The classic whale vs. the wolf scenario.
The British lack the manpower and infrastructure to threaten the USA in North America. While they have a great many resources they could throw into a war, they face the same issue every global superpower does, that they spread those manpower and resources globally with a number of threats and rivals keeping them from tossing too many of them into one theater.
Long story short, the British could on paper make this war very painful for the USA, but only if they're willing to make it very painful for themselves elsewhere. London is not going to trade Cape Town or Bombay for Seattle or Boston for the take of Toronto.
Thus, they are left to dealing the USA some painful body blows, but are held back from dishing out anything close to a knockout.
The Americans have a colossal advantage in North America in terms of everything from manpower to railroads, and are more than capable of overrunning damned near the whole of Canada without more than token resistance.
Sorry Canadian posters who always say that Canada somehow beats back the Americans like a hockey-playing Vietnam. A country of 5 million people, most of which is barely settled farmland, is not fending of an industrial militarized nation of 80 million that is on the other end of the border.

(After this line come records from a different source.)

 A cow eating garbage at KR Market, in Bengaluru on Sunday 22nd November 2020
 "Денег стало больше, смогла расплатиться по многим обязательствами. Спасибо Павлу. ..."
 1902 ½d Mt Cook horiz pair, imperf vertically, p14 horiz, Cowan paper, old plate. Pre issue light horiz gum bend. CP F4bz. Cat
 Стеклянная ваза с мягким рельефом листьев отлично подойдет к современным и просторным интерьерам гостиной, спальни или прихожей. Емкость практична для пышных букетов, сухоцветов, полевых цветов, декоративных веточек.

Outside of North America though, the USA likely kind bring too much against Britain, especially the farther you get from North America. US Marines flying the Stars and Stripes over Parliament is as absurd as the Redcoats taking New York.
Thus, while the USA is more than capable of swatting aside anything standing in their way in North America, they lack the ability or capability to do much to the British Empire at large.

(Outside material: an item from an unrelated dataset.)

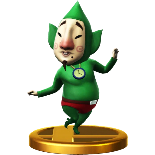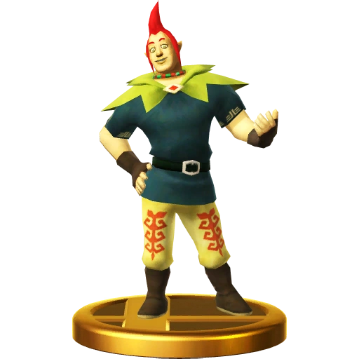 Never seen without his green bodysuit, it's a wonder this strange little man is single at 35, isn't it? In The Legend of Zelda: The Wind Waker, he was locked up for causing trouble. In Smash Bros., he'll appear on the scene, shout "Kooloo-Limpah!" and unleash all sorts of madness. Single. 35 years old. Dressed head-to-toe in green. In The Legend of Zelda: The Wind Waker, this wannabe fairy gets locked up for being a "troublemaker". And he's one in this game, too! His magic incantation, "Kooloo-limpah!", causes all sorts of madness that'll really shake up your battle.

Here's the kicker though - both sides of the conflict, Americans and British alike, have heavy commercial interests on both sides of the conflict. No matter how loudly the warhawks may scream in DC and London, the tycoons and the merchants will scream just as loudly to end it quickly.
Thus, rather than a stunning victory for either side, the war likely ends in the two coming to an impasse.
The USA likely is ceded some less important chunks of Canada, likely the underpopulated Western and Northern bits, in exchange for damages and some trade concessions being given to Britain. Both sides get to claim victory at very little cost to themselves, and the only real losers are Canadian nationalists.
The impact on North America might be interesting too.
The USA has more frontier on the home front to settle and carve states from - I see the future American prairie states taking a much different shape than the OTL Canadian provinces. Smaller certainly, the size of the Dakotas rather than Texas. Alaska will be connected to the lower 48, which will have an impact on regional settlement, especially with the Yukon and Alaskan gold rushes ready to start soon. The Wild West may be closed, but the Great White North beckons.
What's left of Canada is likely going to be hewed to Britain's hip - my money is on the British divided what's left into two or three dominions, which could take any number of eventual shapes. In a few decades, the nations that come from them could be very interesting as they take shape - hell, maybe they'll end up directly integrated into Britain rather than independant?
From there, I imagine things go mostly ala OTL. The Anglo-American war of 1896 being remembered largely as "a lover's quarrel" in the Special Relationship, meriting a few paragraphs in American in British textbooks explaining how North America got its eventual borders.
Meanwhile, people on this website will wonder what might have been had a single transcontinental Canada survived had the war been averted, sparking furious debate from the site's Gaelic speaking Acadian members, Quebeci nationalists and Americans from Vancouver and Edmonton over the idea's merits or absurdities.